An Idea of Freedom
This was my vision. This was the whole reason that I started taking tuition three years ago to fly a paraglider. I've always been obsessed with flight. I spent entire flights as a child looking out of the window at the engines and the wings and the clouds. I spent my university life studying aerospace engineering -- yep, I got a degree in the stuff: designing engine cycles, air-frame structures, aerodynamics etc. So, when I got the chance to take up actual flight... I took it.
I thought that a motor would allow me to rock up to a local field (of which there are many) and take off for a little local flight. The dream of being able to just head out for an hour amongst the clouds was where I saw it going.
During my tuition, I learnt how to fly the wing without a motor at first. This was even more amazing than I had imagined. In fact, it got me questioning whether there really was any point to learning about the motor at all.
Long story short: I got into free-flight and flew from hills for about a year before I thought about getting into the motor.

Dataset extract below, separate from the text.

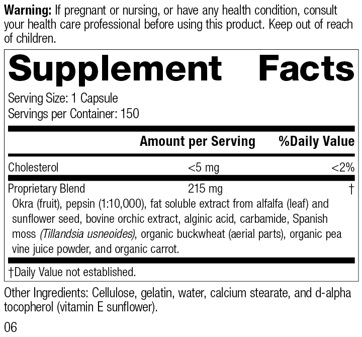 Each Serving Size (1 Capsule) contains: Cholesterol <5 mg. Proprietary Blend 215 mg: Okra (fruit), pepsin (1:10,000), fat soluble extract from alfalfa (leaf) and sunflower seed, bovine orchic extract, alginic acid, carbamide, Spanish moss (Tillandsia usneoides), organic buckwheat (aerial parts), organic pea vine juice powder, and organic carrot. Other Ingredients: Cellulose, gelatin, water, calcium stearate, and d-alpha tocopherol (vitamin E sunflower).

I loved free-flight. But, I wanted more and I thought that the motor was my way to get it.
It would allow me to fly from nearer to home (using a flat field instead of having to travel to the hills) and it would mean I could fly on those long windless days in summer and calm cold days in winter.
I bought a motor
and it was a beauty. Super compact, super light, super powerful (for my weight at least). I took a few tuitored flights on it and enjoyed being able to get into the air and stay there without needing to find thermals.
There are a few down sides that I just couldn't overlook. Even though it was a light motor, it was still 20kg-ish. Which got exhausting on the ground trying to walk and run around. It was very loud -- you need ear protection -- and you can feel the vibrations rattling through your body every second of every flight. The harness is a bit more restrictive than in free-flying and you can't lean around as much -- useful for steering.
However, the main thing that sold me on selling it, was that sometimes, it refuses to start -- or run nicely, or the oil hasn't worn in, etc. I don't know how to deal with all that stuff and I'm not really sure that I want te get into it.
I suddenly thought that this thing wasn't giving me the kind of freedom that I got into flying for. It was actually going to be restricting me in some new ways.
I want to fly, not pretend I'm a mechanic!
The peace and quiet of free-flying, with only the sounds of the wind and the environment, is one of the great pleasures I enjoy. The freedom of hiking up a hill or mountain with just a back-pack and being able to launch off into an adventure is where I'm going to put my effort.
I sold the motor and spent the money on two new wings: my Cross country cruiser and my mini-wing racer for fast decending.
Long story short: I'm a free-flyer, not a paramotorer.